Filed 5/20/26 P. v. Smothers CA1/2 NOT TO BE PUBLISHED IN OFFICIAL REPORTS California Rules of Court, rule 8.1115(a), prohibits courts and parties from citing or relying on opinions not certified for publication or ordered published, except as specified by rule 8.1115(b). This opinion has not been certified for publication or ordered published for purposes of rule 8.1115.
IN THE COURT OF APPEAL OF THE STATE OF CALIFORNIA
FIRST APPELLATE DISTRICT
DIVISION TWO
THE PEOPLE, Plaintiff and Respondent, A173523 v. BILLIE RAY SMOTHERS, JR., (Humboldt County Super. Ct. No. CR2403514) Defendant and Appellant.

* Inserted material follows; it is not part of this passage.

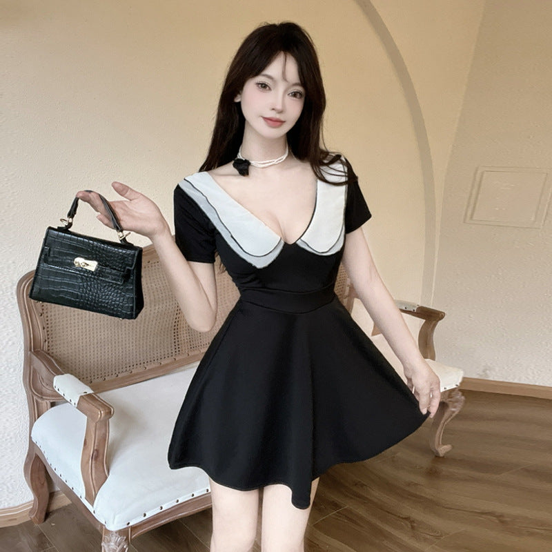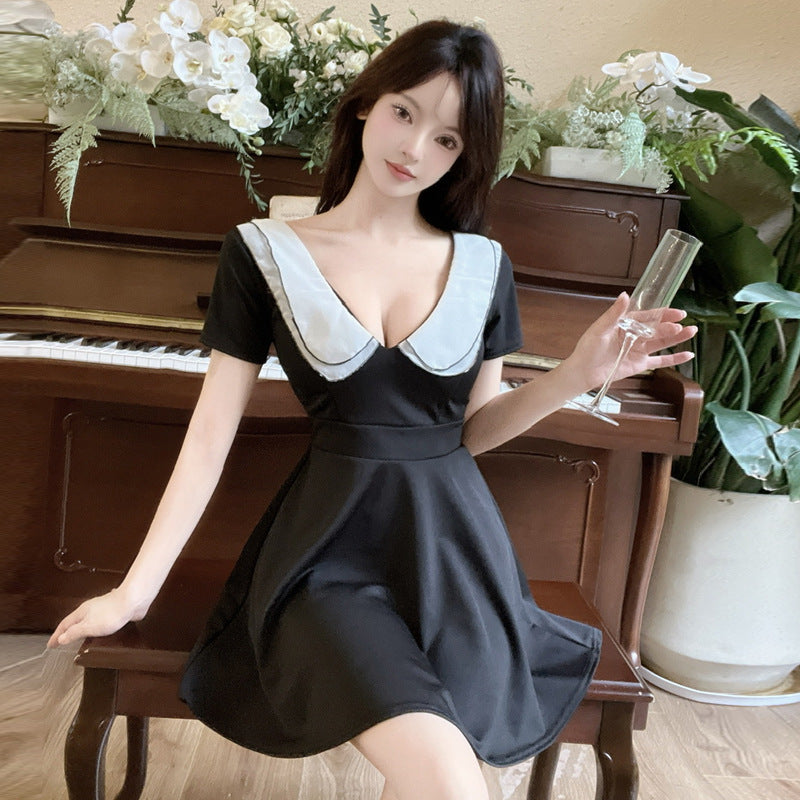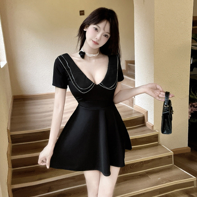 Damklänning Mini Djup V-Krage Polyester Svängande Stil

After defendant Billie Ray Smothers, Jr. was convicted of assault with a deadly weapon, the trial court placed him on probation with various conditions. On appeal, defendant challenges one of the conditions related to substance use treatment, arguing that it amounted to an unconstitutional delegation of judicial authority to the probation officer. The Attorney General concedes the point. The Attorney General also argues, and defendant does not contest, that the same probation condition must be modified to remove the requirement that defendant pay the cost of any treatment. We agree that the challenged condition is invalid, and therefore remand to the trial court to strike or modify the condition. We also direct the trial court to amend the probation order to correct a discrepancy regarding its finding on an enhancement allegation.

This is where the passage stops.